Moore Notes 7 21 10
From OpenWetWare
Jump to navigationJump to search
General business
- Jess attendied Moore Foundation senior invetigator meeting - theme was metatranscriptomics. Lots of interest in whether iSEEM has made progress on building phylogenies using metagenomic data.
Morgan: clustering protein families and samples (Presentation)
- Pipeline - take all PFAMs at domain level (around 11K HMM's). Use HMMer to compare each PFAM against metagenomic data sets.
- CAMERA metagenomic proteins (43M proteins, around 100 samples)
- BGI Human gut assembled reads (6.5M reads, around 100 samples)
- Results in matrix where rows are PFAMs and columns are samples, cells are counts of reads in different PFAMs
- Normalize samples by column totals
- Measure correlations among PFAMS and samples using Pearson correlations
- Try other measures of similarity?
- Correlation assumes normality, linear relationships, which probably not the case for these data
- e.g.

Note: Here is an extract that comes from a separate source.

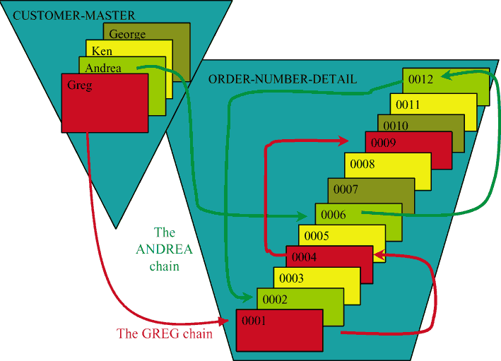 ![]() Chains of RecordsWe've been discussing the concept ofchainsof records in the last few installments of this series of articles. Figure 1 illustrates this concept in more detail than we've seen up until now. Each of the four records in CUSTOMER-MASTER is associated with a chainof related records in ORDER-NUMBER-DETAIL. For example, the GREG record in CUSTOMER-MASTER is associated with a set of records in ORDER-NUMBER-DETAIL. These records represent all of the orders Greg has placed with our company. Every time Greg calls in an order, a new record representing that order is placed in the ORDER-NUMBER DETAIL dataset. Then, the record is also added to the Greg chain. In Figure 1, we've colored all of GREG's records red, to make them easier to find. The Greg Chainis nothing more than the set of records in ORDER-NUMBER-DETAIL that correspond to GREG's orders. Every chain of records is arranged in a particular sequence or order. The GREG chain begins (or is rooted) with Greg's record in the CUSTOMER-MASTER dataset. Figure 1 represents the linkages among Greg's records using red arrows. If you follow those arrows from the GREG record in CUSTOMER-MASTER to the records in ORDER-NUMBER-DETAIL, you'll find that the GREG chain is made up of three records. They have order numbers 0001, 0004 and 0009, in that order. Note, that in Greg's case, the sequence of records in the GREG chain is the same sequence in which the records are physically stored in the database. That is, the GREG chain is made of order numbers 0001, 0004, and 0009, and the chain seems to be sorted in order number sequence. In practice, chains don't have to be sorted in any particular sequence. For example, look at the Andrea chain of records in Figure 1. The ANDREA records are all shown in green, and the arrows that show the linkages in the ANDREA chain are also green in color. Like Greg's chain, Andrea's chain is rooted in the ANDREA record in CUSTOMER-MASTER. This record contains a pointer to the corresponding chain of records in ORDER-NUMBER-DETAIL. If you follow the green arrows, you'll see that that the ANDREA chain in ORDER-NUMBER-DETAIL begins with order number 0006, continuing with 0012, and ending with 0002. As you can see, the ANDREA records are in no particular order. When this IMAGE/SQL database was first defined in a schema, the chains were also defined in that file. We began our discussion of IMAGE/SQL several months ago by showing you how to create and compile a schema. There was very little discussion of chainsat that time, so we'll review the concept now, as it applies to the schema. There are sections in every schema to define database passwords, data items, and datasets. But there is no chainssection. That's because the chains are implied by the relationships among the items in the schema. Recall that every schema contains a SETS: section in which we define the various datasets that make up the database. Then, for each dataset, the various data items (or fields, if you prefer) that make up that dataset are defined in the schema. Some of these data items are identified as search items. Each search item that is defined in the schema results in a corresponding chain of records. In our example in Figure 1, CUSTOMER-NAME is a search item. In the schema that defined this database, the CUSTOMER-MASTER and ORDER-NUMBER-DETAIL datasets were defined in the SETS portion of the schema, as shown in Figure 2. Figure 2: SETS Part of Schema

Bray-Curtis or Sorensen distance among samples/PFAMs
- Can you specify a model that will in turn determine which similarity measure you use?
- Visualize results in R/Cytoscape
- Figures to visualize distribution of correlations among PFAMs and samples
- Average among-PFAM correlation is close to zero
- i.e. most PFAMs don't overlap/co-occur at all
- Most among-sample correlations close to 1, especially for BGI data set
- sign of low variation among samples?
- may be a result of the correlation statistic - i.e. correlations between Poisson distributed variables will tend to be either 0/1.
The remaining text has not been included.